4.1.2 Running the surrogate model based optimizer Spot:

spot_2 = spot.Spot(fun=fun,
                   lower = lower,
                   upper = upper,
                   fun_evals = 20,
                   max_time = inf,
                   seed=123,
                   design_control={"init_size": 10},
                   fun_control=fun_control)
spot_2.run()
<spotPython.spot.spot.Spot at 0x168e621d0>

4.1.3 TensorBoard

Now we can start TensorBoard in the background with the following command:

tensorboard --logdir="./runs"

We can access the TensorBoard web server with the following URL:

http://localhost:6006/

The TensorBoard plot illustrates how spotPython can be used as a microscope for the internal mechanisms of the surrogate-based optimization process. Here, one important parameter, the learning rate \(\theta\) of the Kriging surrogate is plotted against the number of optimization steps.

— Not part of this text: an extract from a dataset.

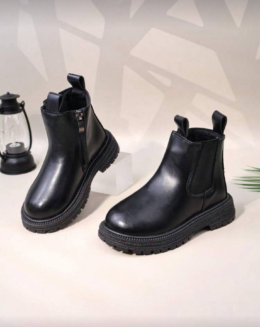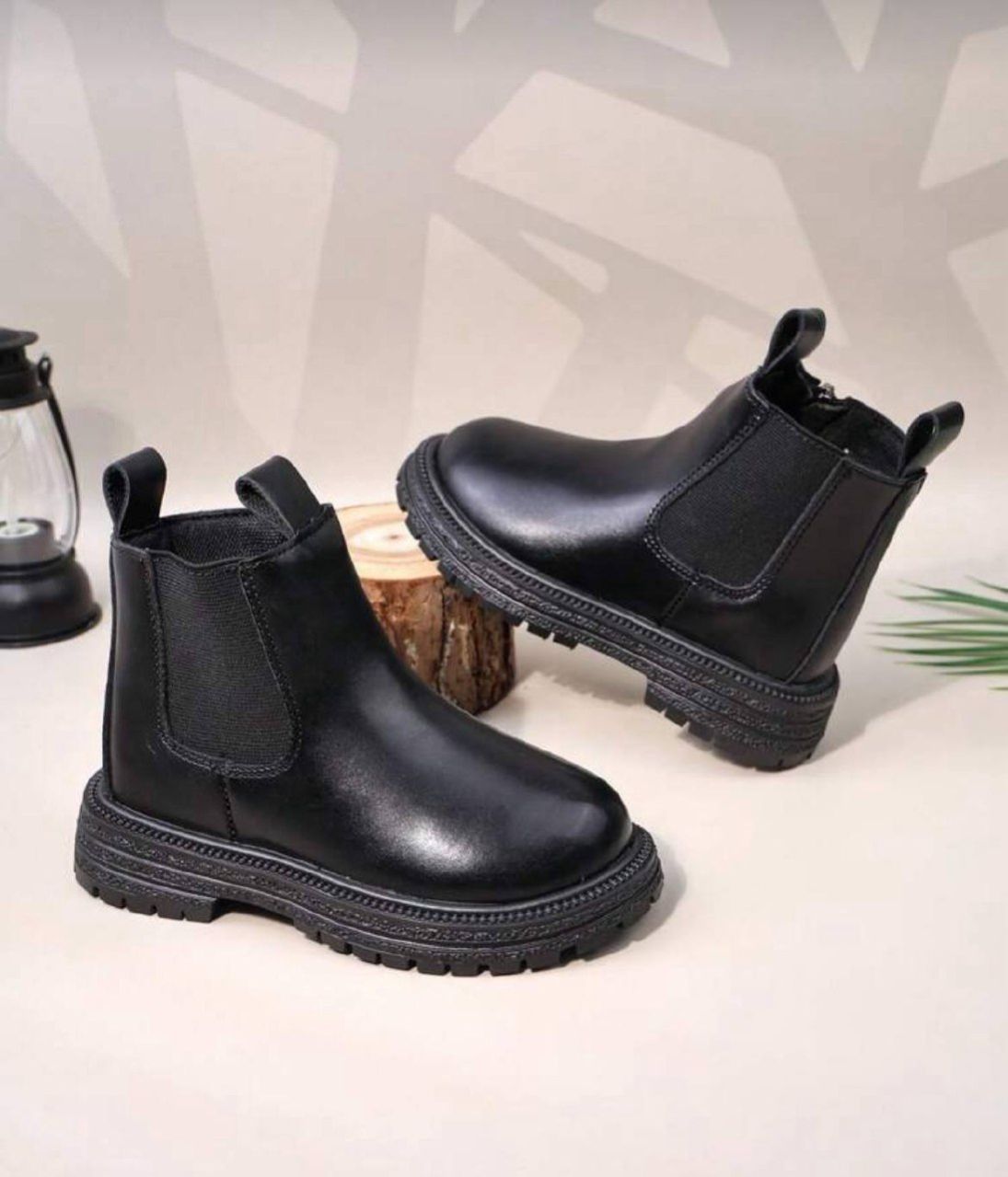 زوج من بوت تشيلسي للأطفال/الأطفال الصغار من الجلد الناعم الأسود والقماش المطاطي، برأس مستدير، وبنعل مانع للانزلاق، أنيقة وجميلة، مناسبة للأولاد والبنات، للاستخدام اليومي، المدرسة، والمناسبات، للخريف والشتاء

TensorBoard visualization of the spotPython optimization process and the surrogate model.

4.1.5 Show the Progress and the Surrogate

spot_2.plot_progress(log_y=True)

spot_2.surrogate.plot()

4.2 Example: Using Surrogates From scikit-learn

  • Default is the spotPython (i.e., the internal) kriging surrogate.
  • It can be called explicitely and passed to Spot.
from spotPython.build.kriging import Kriging
S_0 = Kriging(name='kriging', seed=123)
  • Alternatively, models from scikit-learn can be selected, e.g., Gaussian Process, RBFs, Regression Trees, etc.
# Needed for the sklearn surrogates:
from sklearn.gaussian_process import GaussianProcessRegressor
from sklearn.gaussian_process.kernels import RBF
from sklearn.tree import DecisionTreeRegressor
from sklearn.ensemble import RandomForestRegressor
from sklearn import linear_model
from sklearn import tree
import pandas as pd
  • Here are some additional models that might be useful later:
S_Tree = DecisionTreeRegressor(random_state=0)
S_LM = linear_model.LinearRegression()
S_Ridge = linear_model.Ridge()
S_RF = RandomForestRegressor(max_depth=2, random_state=0)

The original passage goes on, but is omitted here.